Sensors and networks
Building out sensors consists of several possible activities. The simplest is to gather existing operational data that is already stored in a data historian. Since this type of data was created to operate a manufacturing process, it’s unlikely to provide a complete picture of asset health. Condition-monitoring data will need to be added, including sensors that measure parameters, such as pressure, temperature, and flow, that are not needed for operating purposes. In addition, PLCs and OEM systems are likely to contain useful data not shared outside these systems. Knowing the importance of your failures will help build out your sensors logically and efficiently.
Companies should also focus on designing a network architecture that preserves process security while making process and non-process data available for cloud access, where maximum computing power is available. The Namur Open Architecture (NOA) provides a blueprint for maintaining security while accessing process data and augmenting it with sensor data required by the digital-twin data model. A detailed description of the concept can be found in the NAMUR Recommendation NE 175.
Developing a robust, scalable wireless strategy is a critical part of efficiently building out sensors. Wireless-sensor networks can also be perfectly aligned with NOA. Wireless is already the lowest-cost approach to deploying sensors and is likely to become even cheaper. It’s reasonable to expect that sensor manufacturers will begin to market lower cost wireless sensors that do not have the reliability or durability required in process control. Those higher-end sensors are not necessary for the purposes we’re talking about, thus the cost of deployment shouldn’t be compared to hardware used in mission-critical process control.
Realizing the benefits
What an organization does with a digital twin matters most. No one should be rewarded for finding a potential failure. Rewards should only be handed out for finding and repairing a problem without a functional failure. I once heard a client tell how they had abandoned their predictive-maintenance program because it failed to deliver value. Their rationale was not what you might think. They were actually very successful at finding potential failures but they garnered no value because they could not move the required actions through their work processes before the assets actually failed. If your work processes are broken and/or your people do not follow your processes, you will not realize value from better early-warning systems such as digital twins.
Peter Drucker famously quipped that, “Culture eats strategy for breakfast.” Digital twins may be an important technological innovation and even part of a larger reliability and workforce-transformation strategy but success depends on cultural adoption. A workforce that views digital twins as the “flavor of the day” will easily scuttle programs by sticking to the status quo. To ensure successful adoption, all ranks of company leadership should be educated on the importance of digital twins and provided with details of the multi-year project and frequent progress reports.

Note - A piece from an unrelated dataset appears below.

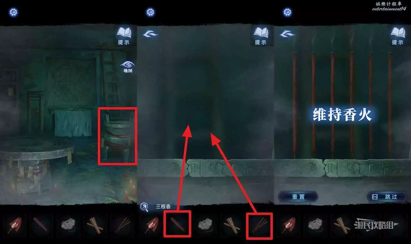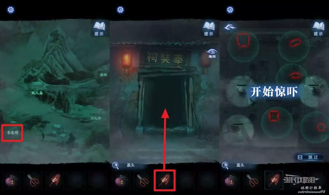 再次點擊【地圖】,來到【奉奘祠】,選擇道具欄中的【蓋頭】進門,觸發一個嚇人小遊戲,需要同時將三個人的驚嚇值全部拉滿才能完成小遊戲,如果嫌麻煩可以直接跳過。

Take stock of your capabilities to compete today and five years from now and think about how the power of digital twins, in their end state, may transform your operations. While detailed, continuous measurement of asset health may seem like a lofty, distant goal, keep in mind that all of the activities required to establish a digital twin will bring benefits in their own right. Overall reliability improvement will not be the least of those benefits. EP
Will Goetz is Vice President of Corporate Development at Performance Consulting Associates, Duluth, GA (pcaconsulting.com). He brings to the role deep operational expertise, extensive market knowledge, and strong quantitative analytical skills. Prior to joining PCA he played a number of thought-leadership roles at Emerson.